→ **ASSIGNED TASK**
The listing that follows is to be output in full and without change.

++++ INFORMATION

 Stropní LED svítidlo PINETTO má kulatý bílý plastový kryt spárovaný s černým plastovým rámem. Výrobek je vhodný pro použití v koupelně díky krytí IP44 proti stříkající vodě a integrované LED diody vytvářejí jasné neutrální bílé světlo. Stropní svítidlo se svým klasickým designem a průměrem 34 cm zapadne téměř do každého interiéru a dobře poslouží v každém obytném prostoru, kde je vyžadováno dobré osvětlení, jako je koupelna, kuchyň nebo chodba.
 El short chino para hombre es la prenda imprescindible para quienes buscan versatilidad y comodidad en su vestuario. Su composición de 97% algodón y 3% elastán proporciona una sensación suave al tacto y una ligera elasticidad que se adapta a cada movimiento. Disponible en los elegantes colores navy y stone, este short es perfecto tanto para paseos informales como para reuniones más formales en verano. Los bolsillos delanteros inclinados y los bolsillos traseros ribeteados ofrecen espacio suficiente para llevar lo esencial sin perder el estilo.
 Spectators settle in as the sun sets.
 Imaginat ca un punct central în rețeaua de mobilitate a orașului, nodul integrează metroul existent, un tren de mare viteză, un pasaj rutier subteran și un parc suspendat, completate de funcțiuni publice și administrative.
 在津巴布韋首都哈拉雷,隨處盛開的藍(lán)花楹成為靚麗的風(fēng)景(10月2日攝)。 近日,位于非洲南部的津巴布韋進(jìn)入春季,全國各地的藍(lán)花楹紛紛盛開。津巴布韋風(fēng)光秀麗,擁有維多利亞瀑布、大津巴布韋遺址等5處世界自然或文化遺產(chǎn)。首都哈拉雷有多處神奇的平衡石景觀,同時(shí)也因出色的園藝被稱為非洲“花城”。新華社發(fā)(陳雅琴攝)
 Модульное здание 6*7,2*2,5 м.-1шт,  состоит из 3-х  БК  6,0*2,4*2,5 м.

++++++++

→ **ANSWER SECTION**
 Stropní LED svítidlo PINETTO má kulatý bílý plastový kryt spárovaný s černým plastovým rámem. Výrobek je vhodný pro použití v koupelně díky krytí IP44 proti stříkající vodě a integrované LED diody vytvářejí jasné neutrální bílé světlo. Stropní svítidlo se svým klasickým designem a průměrem 34 cm zapadne téměř do každého interiéru a dobře poslouží v každém obytném prostoru, kde je vyžadováno dobré osvětlení, jako je koupelna, kuchyň nebo chodba.
 El short chino para hombre es la prenda imprescindible para quienes buscan versatilidad y comodidad en su vestuario. Su composición de 97% algodón y 3% elastán proporciona una sensación suave al tacto y una ligera elasticidad que se adapta a cada movimiento. Disponible en los elegantes colores navy y stone, este short es perfecto tanto para paseos informales como para reuniones más formales en verano. Los bolsillos delanteros inclinados y los bolsillos traseros ribeteados ofrecen espacio suficiente para llevar lo esencial sin perder el estilo.
 Spectators settle in as the sun sets.
 Imaginat ca un punct central în rețeaua de mobilitate a orașului, nodul integrează metroul existent, un tren de mare viteză, un pasaj rutier subteran și un parc suspendat, completate de funcțiuni publice și administrative.
 在津巴布韋首都哈拉雷,隨處盛開的藍(lán)花楹成為靚麗的風(fēng)景(10月2日攝)。 近日,位于非洲南部的津巴布韋進(jìn)入春季,全國各地的藍(lán)花楹紛紛盛開。津巴布韋風(fēng)光秀麗,擁有維多利亞瀑布、大津巴布韋遺址等5處世界自然或文化遺產(chǎn)。首都哈拉雷有多處神奇的平衡石景觀,同時(shí)也因出色的園藝被稱為非洲“花城”。新華社發(fā)(陳雅琴攝)
 Модульное здание 6*7,2*2,5 м.-1шт,  состоит из 3-х  БК  6,0*2,4*2,5 м.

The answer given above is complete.